Before I suspected anything, my H and I were having a conversation about our sex life and I mentioned something he hadn't done in a very long time and he said to me laughing "oh I dont do those things to my wife, only my girlfriend!" He always made stupid jokes like that and we were always able to laugh together, I was not a jelous person but this time I actually got mad because our sex life was nothing to be joking about at the time. 
Then another time, during the summer my H decided to take our 8 year old son and his 10 year niece to work with him. When they got home I asked my son if he had fun and what they did. He started telling me which of my H's co-workers were the nicest and then suddenly he said smiling, "oh and dad has a girlfriend." I asked him what he meant and he said
that my H introduced him to the girl that works there and that he said "look son, this is my girlfriend" and I said "oh really?" and my son said "but it was a joke mom" and then I said "I know, your dad is so silly!"

I asked my H why he would behave that way and make such cruel jokes about it right in our faces. 
He dropped his head and said "I swear, I dont know! I'm so sorry!"

Who does this?


----------



## iamnottheonlyone (May 9, 2010)

You love him. Tell him. I think he's an idiot. But aren't all men. Anger brings anger. Distance brings distance. FORGIVE HIM. But don't trust him. Be kind. I can speak to strategy but not tactics. To each there own. Let him know how much you care.


----------



## OhGeesh (Jan 5, 2010)

I think you have resentments and/or insecurity issues. My wife and I joke like that all the time.

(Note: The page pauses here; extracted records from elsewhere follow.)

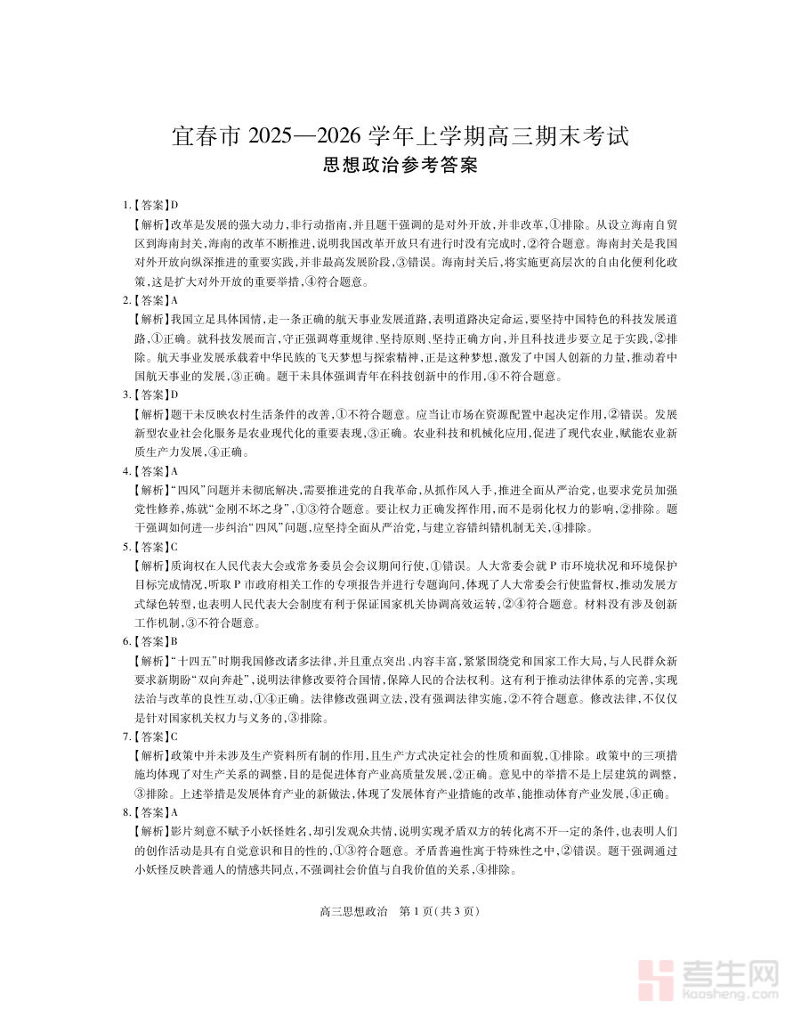 《江西省宜春市2025-2026学年上学期高三期末考试 思想政治答案》是针对江西省宜春市2025至2026学年第一学期高三思想政治期末考试的配套参考答案资料,该考试属于区域内高三阶段的重要终结性评价测试,旨在对高三学生上学期思想政治学科的学习成果进行系统性检验。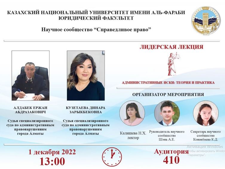 4/17/2023On April 17, 2023, a guest lecture was held by Doctor of Law, Professor of the Department of Theory and History of State and Law, Constitutional and Administrative Law of the Faculty of Law of Al-Farabi Kazakh National University, specialist in constitutional and administrative law Kalisheva Nazhiya Khussainovna on the topic "Constitutional reform: transformation of public administration in the Republic of Kazakhstan at the present stage". Thus, during the meeting, issues related to constitutional reforms in Kazakhstan, which influenced the course of administrative reform, the transformation of public administration and the expansion of the sphere of administrative justice, were considered.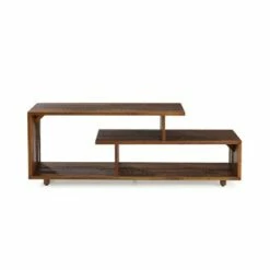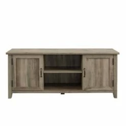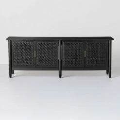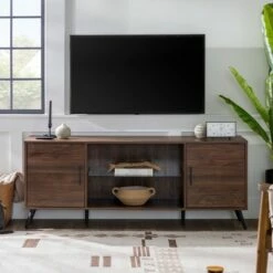 The Touraco TV Stand from Opalhouseâ„¢ lets you store and display your belongings in one cool, convenient design. Featuring a durable hardwood frame in a charming brown finish, this media stand has a smooth rectangular tabletop to hold your 55-inch flat-screen TV in place. It has two open shelves and cutouts at the back for keeping cords and cables organized, and is flanked by side cupboards to offer you plenty of displayed and hidden storage. Each side cupboard is designed with an artistic geometric-paneled and striped door in white to offer a striking contrast to the brown frame. Plus, this decorative stand is equally practical as a chic kitchen buffet or decorative display case in your home.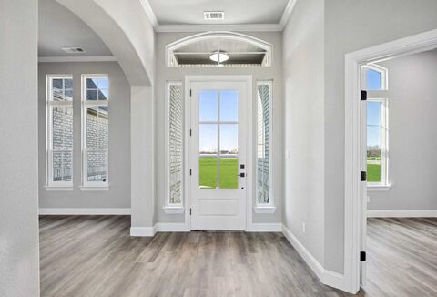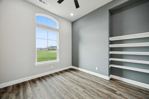 NEW CONSTRUCTION! Experience modern luxury and thoughtful design in this stunning new build on a 1-acre lot. This 3-bedroom, 3-bath home features a dedicated office, tech room, and an open floor plan. The exterior boasts Capstone King Size brick, white limestone accents, black-finished vinyl windows, LED lighting, and Onyx Black shingles. A black garage door with smoked glass, sprinkler system, Magnolia tree, and Crepe Myrtles add timeless curb appeal. Inside, Repose Gray walls, white trim, quartz countertops, and Luxury Vinyl Plank floors create a clean, cohesive look throughout. The spacious family room includes a 5-ft linear electric fireplace, accent wall, 84 ceiling fan, crown molding, and a beverage nook with mini fridge. The gourmet kitchen offers a large island with seating, marble backsplash, quartz counters, bar area, double ovens with microwave, stainless steel Whirlpool appliances, and 36 built-in 5-burner cooktop with pot drawers. The primary suite features a recessed ce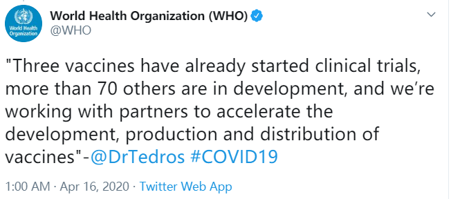 WHO表示,在全球范围内,有三种COVID-19疫苗已经在进行人体试验,现有超过70种不同的COVID-19疫苗正在研发中,WHO正在致力于加快疫苗的研发,生产和上市。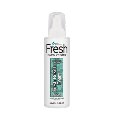 Fresh Breath Foam Easy to apply breath-freshening foam that targets those hard-to-reach areas. A quick and convenient solution to aid in oral hygiene, helping to keep teeth and gums healthy by preventing to build-up of plaque and tartar. Naturally sweetened with mint to provide a more pleasurable experience for the dog. Natural Mint flavour Promotes fresh breath Easy application 99% natural Free from Alcohol Ingredients: Aqua, Sorbitol, Glycerin, Cetylpyridinium Chloride, Sodium Benzoate, Polysorbate 20, Camellia Siensis Leaf Extract, Cosolvent FC Z-403, Zinc Citrate, Mentha Piperita (Peppermint) Oil, Citric Acid

She has here "work spouse" who in a hearbeat will take her to lunch, my kids love this guy, so what. I'm not threatened at all!! I know where I stand.

When she is out of town I always joke..........and send her a txt like "I called the hotel to get transferred to your room and they said" "Oh the room with all of the noises coming out of it" "You really need to keep it down honey!!"

or 

I'll call her in the morning and say "Come on now just kick him out and talk to your hubby for a minute"

It's all in good fun at least with us it is!! We know where the truth lies.

So, either you don't trust your husband or there are some resentments what do you think?


----------



## OhGeesh (Jan 5, 2010)

I guess all of that can't hurt!! If he is up to nothing he could question her behavior and could easily spin it the other way around. Why are you so paranoid all of a sudden? Are you doing something you shouldn't be? Especially if their relationship wasn't like this in the first place.

My wife came home and said "I want to see all bank statements, cell phone bills, emails, investments" I would ask her "Okay what's the real issue!! You haven't cared for 13 years what's up?"


----------



## up all night (May 12, 2010)

okay, my bad. I guess you guys missed my earlier posts. This was "before I suspected". 

I caught him! Yeah, 1 month ago yesterday. He had a 2 year affair with the co-worker he joked about to our son. 

This is why ME, his wife and best friend for 17 years, is feeling completely betrayed! 

I feel like someone or something took my husband and an imposter is now living with me!
Who is this man? He's so sorry!! He says "what can I do to make it better?" 
I want to start again, can I? Should I?


----------